Die Ergebnisse stehen im Einklang mit den aufgestellten Hypothesen. Schizophren
Erkrankte zeigten im Vergleich zu gesunden Kontrollprobanden eine deutlich niedrigere
LAAEP. Weiterhin erwies sich eine negative Korrelation zwischen Negativsymptomen
und der LAAEP, was darauf hinweist, dass der Schweregrad der Negativsymptome mit
einer erhöhten zentralen Serotoninaktivität einhergeht. Bei anderen Symptomkomplexen
ergaben sich keine Zusammenhänge zur LAAEP.

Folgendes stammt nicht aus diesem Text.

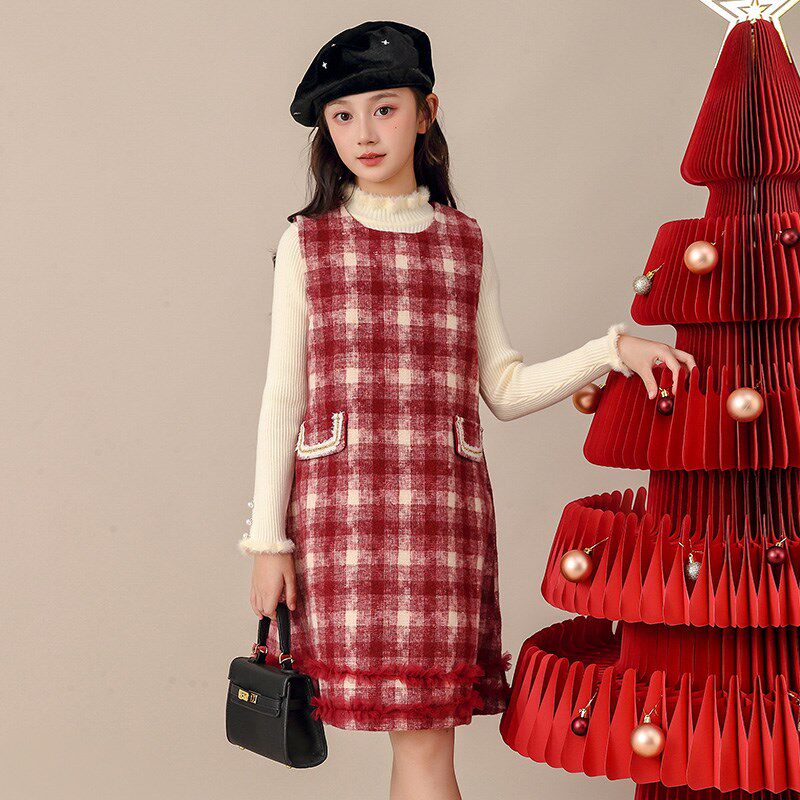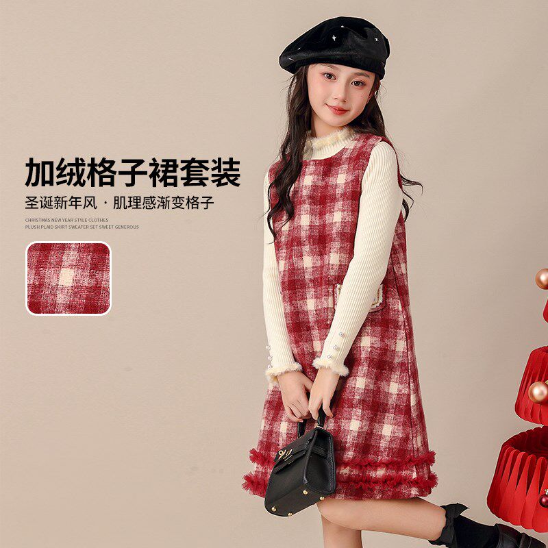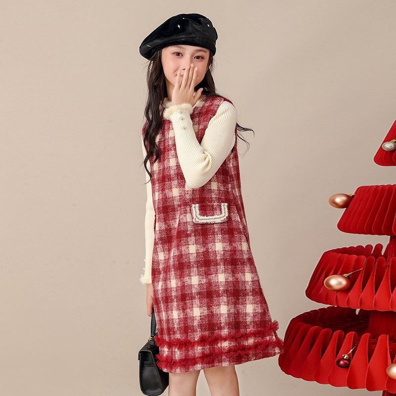 儿童裙子女童连衣裙秋冬洋气红色冬装大童小女孩新年冬季套装衣服

Die Ergebnisse sollten unter Berücksichtigung einiger zu beachtender Einflussfaktoren
interpretiert werden. Die schizophrenen Probanden erhielten alle eine medikamentöse
Behandlung. Frühere Studien, welche ebenfalls mittels LAAEP sowohl medikamentös wie
auch
nicht-medikamentös
behandelte
Schizophrene
untersuchten,
ergaben
übereinstimmende Ergebnisse. Dennoch gibt es Unterschiede in der Korrelation von
psychopathologischen Symptomen und der LAAEP. Es lässt sich nicht ausschließen, dass
diese auf medikamentöse Nebenwirkungen zurückzuführen sind. Bezüglich der LAAEP ist
weiterhin unklar, inwiefern das Geschlecht einen Einfluss ausübt. Weitere Einflussfaktoren
können Nikotinabusus und Aufmerksamkeitsstörungen sein. Darüber hinaus gibt es im
Hinblick auf die Methode der LAAEP Faktoren, deren Einfluss noch nicht ausreichend
geklärt ist. Zwar besitzt Serotonin eine hohe Spezifität bezüglich der LAAEP, dennoch
bleibt die Frage offen, inwiefern andere Neuromodulatoren die LAAEP mit beeinflussen.

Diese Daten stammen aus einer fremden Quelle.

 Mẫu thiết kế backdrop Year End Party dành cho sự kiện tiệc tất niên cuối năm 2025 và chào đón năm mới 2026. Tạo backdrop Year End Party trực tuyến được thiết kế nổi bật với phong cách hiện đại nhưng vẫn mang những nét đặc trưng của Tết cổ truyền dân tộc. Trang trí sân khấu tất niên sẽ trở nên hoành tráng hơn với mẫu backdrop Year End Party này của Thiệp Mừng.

Klärungsbedürftig ist ebenfalls, in welcher Hinsicht die LAAEP den Mechanismus der
Wiederaufnahme, der Freisetzung und der Synthese von Serotonin beschreibt. Aus diesem
Grund lassen die Ergebnisse der erhöhten serotonergen Aktivität keinen Rückschluss über
die Ätiologie zu.
Die ermutigenden Ergebnisse sollten Anlass geben, weiterführende Studien in dem Gebiet
der schizophrenen Pathophysiologie durchzuführen.